The most common convention in statistics is to use Greek letters for parameters ($\mu, \sigma$ for normal distributions, $\lambda$ for Poisson, $\beta$ when parameterizing the mean in regression and GLMS, etc). I'll assert this without any attempt to offer evidence.
You can define your notation is almost any convenient way as long as it's clear, but $\nu$, the Greek letter is probably the most traditional/widely used for the $t$ and $\chi^2$ distributions at least.
Where feasible, I think conventional notation is better, since it's likely to agree with more sources, and the Greek-letters-for-parameters is pretty well established.
[In no way should this be construed as me saying that any choice is 'right' or 'wrong'. The reason I mostly advocate following convention is because clearer/less ambiguous communication is facilitated. In a situation where there are larger benefits to choosing some other notation, convention be hanged.]

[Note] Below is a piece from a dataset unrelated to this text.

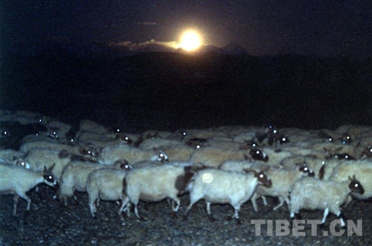 圖為(wei) 夜幕下牧歸的羊群。它們(men) 的眼睛在夜裏所發出的光,猶如“草原燈火”(唐召明1988年攝)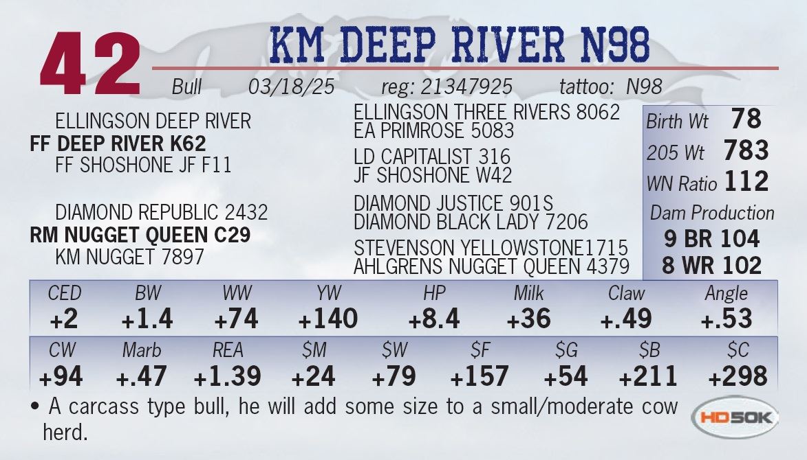 All bulls sell with ½ semen interest and full possession.

If you're using a text, I'd suggest that unless there's a good reason to do otherwise, you just use what the text uses. It will save some effort.
Presumably the intent in using $\nu$ is for the same reason we often use $\text{n}$ in our notation when dealing with sample size (presumably to stand for number), but transliterated to Greek since it's a parameter.
I expect $\text{v}$ mostly arises because some people are simply unaware that $\nu$ isn't $\text{v}$. In a few cases it could occur because people want to type $\nu$ but either can't or don't-know-how-to get it, and use $\text{v}$ as a visual approximation.
Is the first version only true when the noise on the data is Poisson, and thus $σ^2_i=E_i$.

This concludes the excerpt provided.